Their involvement is an indication New Approach has tapped into the muscle of Oregon's political establishment, while CRRH sits on the periphery. The embrace of New Approach by political professionals follows months of large national donations—money that's otherwise escaped CRRH.

Hanna downplays those connections, but he's clearly in favor of New Approach's proposal. He points to a failed pot legalization bid in 2012 by CRRH chief petitioner Paul Stanford, which got 47 percent of the vote in a year Colorado and Washington welcomed legal pot.

"AFSCME has worked with Mark Wiener forever," Hanna tells the Mercury. "I know he's gonna do it right."

Two weeks after Hanna's complaint, a Democracy Resources employee named Kyle Gates filed another, alleging CRRH sent out a canvasser who hadn't been cleared by the Secretary of State's Office to collect signatures. (That canvasser's name is Duncan Lopez.
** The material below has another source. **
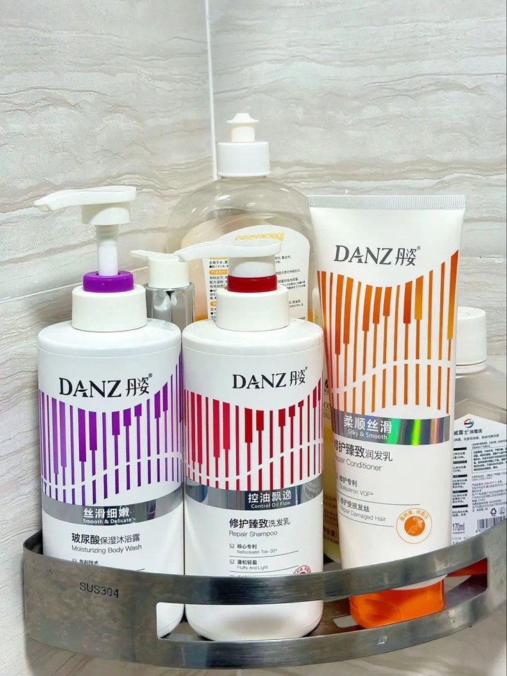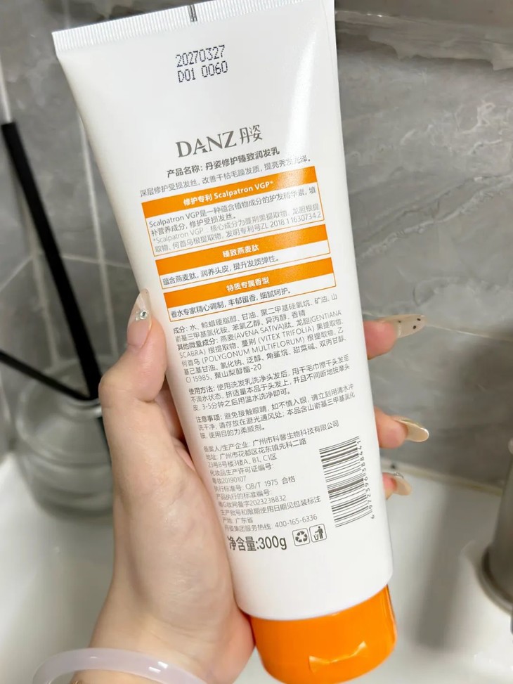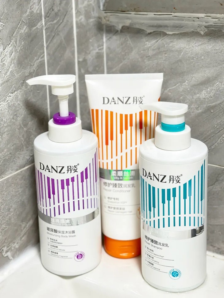 成分中还添加了华熙生物核心成份透明质酸钠原料,能在肌肤表面形成保护层,锁住水分。洗完之后可以看到水分蹭蹭蹭涨,日常护肤真的太需要了!用了一段时间,后背的痘痘、胳膊上的鸡皮都明显少了很多。就算不涂身体乳,也足够滋润,皮肤摸起来就像滑滑梯一样~丹姿修护臻致润发乳,能帮助修护受损毛鳞片,让秀发柔润亮泽,滋润干枯秀发,留香持久好闻,一瓶全家适用!臻取专利成分蔓荆果龙胆根何首乌,温柔养护秀发,呵护日常染烫后及各种发质,滋润发丝,改善干枯毛躁分叉现象。同时滋润头发表面干枯粗糙和缺水问题,秀发更显润泽光亮柔顺丝滑,抚平毛鳞片粘合分叉头发,软化头发让其垂顺,让头发更有光泽。它的质地很清透的乳白色,不粘手,在洗完头发后直接挤在头皮上轻轻按摩,头发柔顺又有光泽,一抹柔顺不油腻。

He's participating in the strike against CRRH.)

CRRH denies paying canvassers by the signature, and records show investigators tossed this allegation out. Still, the campaign acknowledged it was fined for late finance reporting, and said the errant signature gathering was an honest mistake. CRRH also claims Democracy Resources has been attempting to snatch up its canvassers by offering better pay.
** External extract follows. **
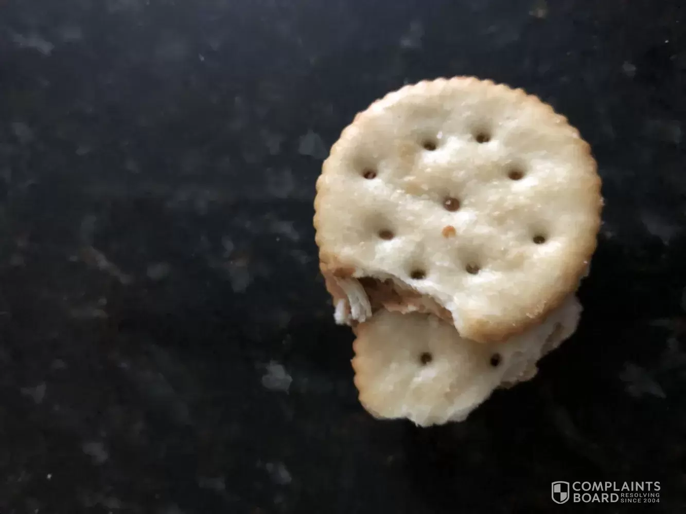 My wife bought her favorite crackers - salt and vinegar Ritz Crisp & Thins and bit into a hard unbaked cracker which hurt her tooth.
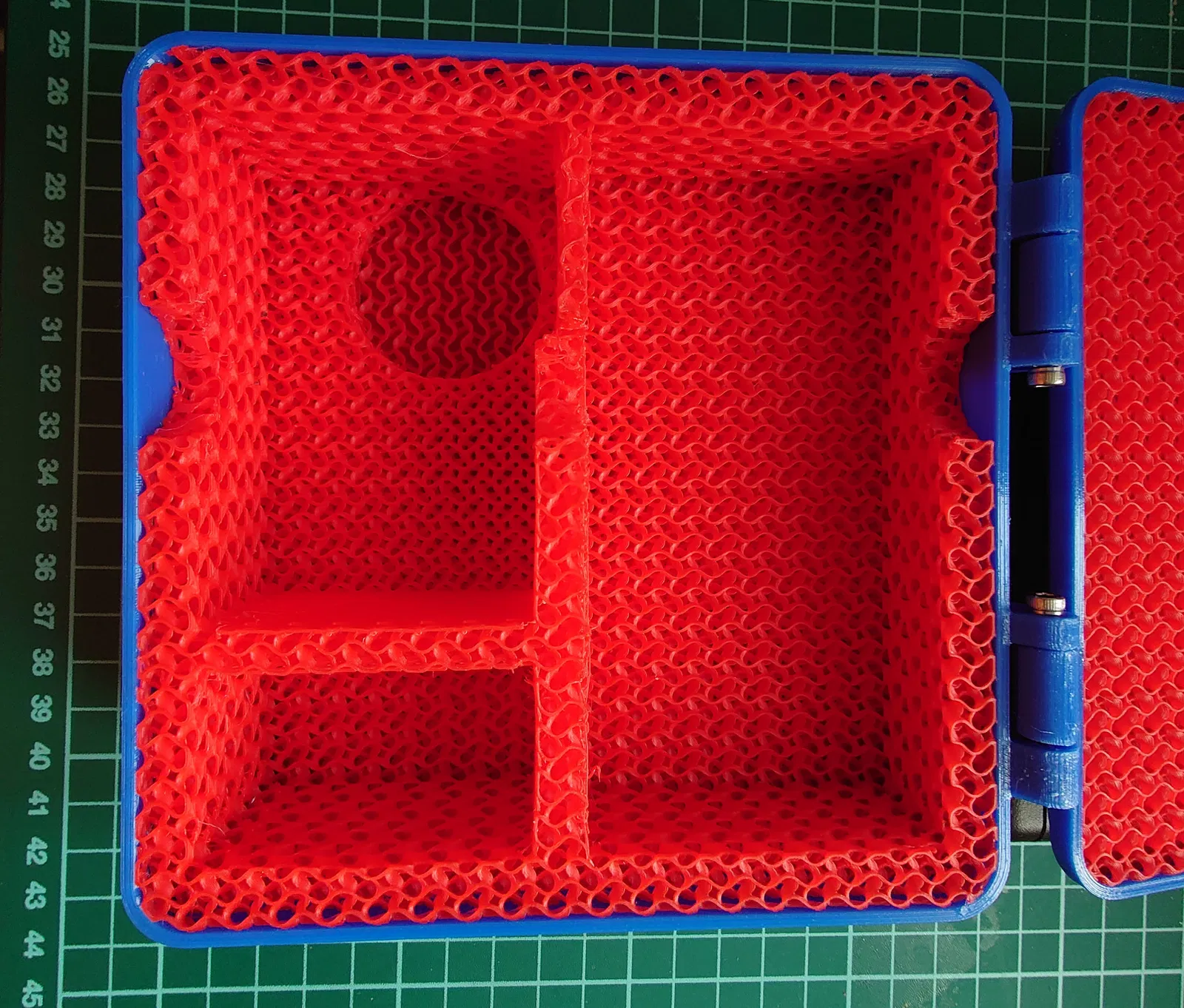 Chiếc hộp in này sử dụng rất nhiều vật liệu: vỏ và chốt bằng PETG, lớp lót bằng TPU, vật liệu hỗ trợ bằng PLA. Cụ thể, lớp lót được in từ TPE88 siêu mềm của Filament PM.

It's not hard to see why there might be tension. The various proposals come as polling suggests Oregonians are finally ready to embrace legal marijuana. If one campaign makes the ballot while the other falls short—distinctly possible given the low signature numbers CRRH is reporting—voters will face a less confusing decision.

It's clear there's some bad blood. Stanford was involved in New Approach's effort early on, but says he was summarily dismissed last summer. He's claimed New Approach will now only communicate with him through intermediaries.

"There's plenty of dissent, disunity, and discord within the marijuana community here, stemming from personal disagreements with sort of the movers and shakers," says Leo Townsell, the communications director for CRRH.

"We've really been trying to be professional about it, making sure people understand we're working toward our legislation without concern for these types of personal gripes."

In January, a Canby attorney named Michael McNichols went to war on a proposal filed by New Approach ["Slow Burn," News, March 12]. McNichols claimed that he favored legalization, but said he didn't think New Approach's proposal was best. He preferred the ideas of Stanford and CRRH.

So McNichols held up the New Approach petition by appealing its proposed ballot language to the Supreme Court. It's a time-tested delay tactic in ballot politics, and questions swirled about the attorney's motivations—was someone putting him up to it?

Stanford, for his part, said he didn't even know the guy. "I sometimes think when he says he likes ours better, maybe he's trying to hurt us," he said.

New Approach eventually scrapped the disputed petition and filed a new, nearly identical proposal, Initiative Petition 53, which escaped McNichols' attention. IP53 currently has 100,000 signatures, potentially enough to make the November ballot.

And CRRH? It's still scrambling to collect tens of thousands of signatures by the July 3 filing deadline.

It's also not being helped by the current labor dispute. On June 5, CRRH announced to staffers it didn't have the money for their paychecks. The campaign was waiting on its own check from a fat cat contributor.

The funds were in hand by June 9, but by then a handful of canvassers had decided they'd had enough. Citing an incident in May in which several checks bounced, the workers formed a union, and scrawled out a list of demands, including $15 an hour, paid overtime, which the campaign says it's now providing. The list also included things like sensitivity training and free medical marijuana for workers who are also patients.

With the filing deadline looming, the striking workers have staged repeated protests and tried to convert working CRRH canvassers.

"We're trying to run [canvasser] trainings and we're hearing all this stuff outside," says CRRH communications director Townsell as protesters chanted in front of campaign headquarters on June 16. "How would you feel if it was your first day? It's very disruptive."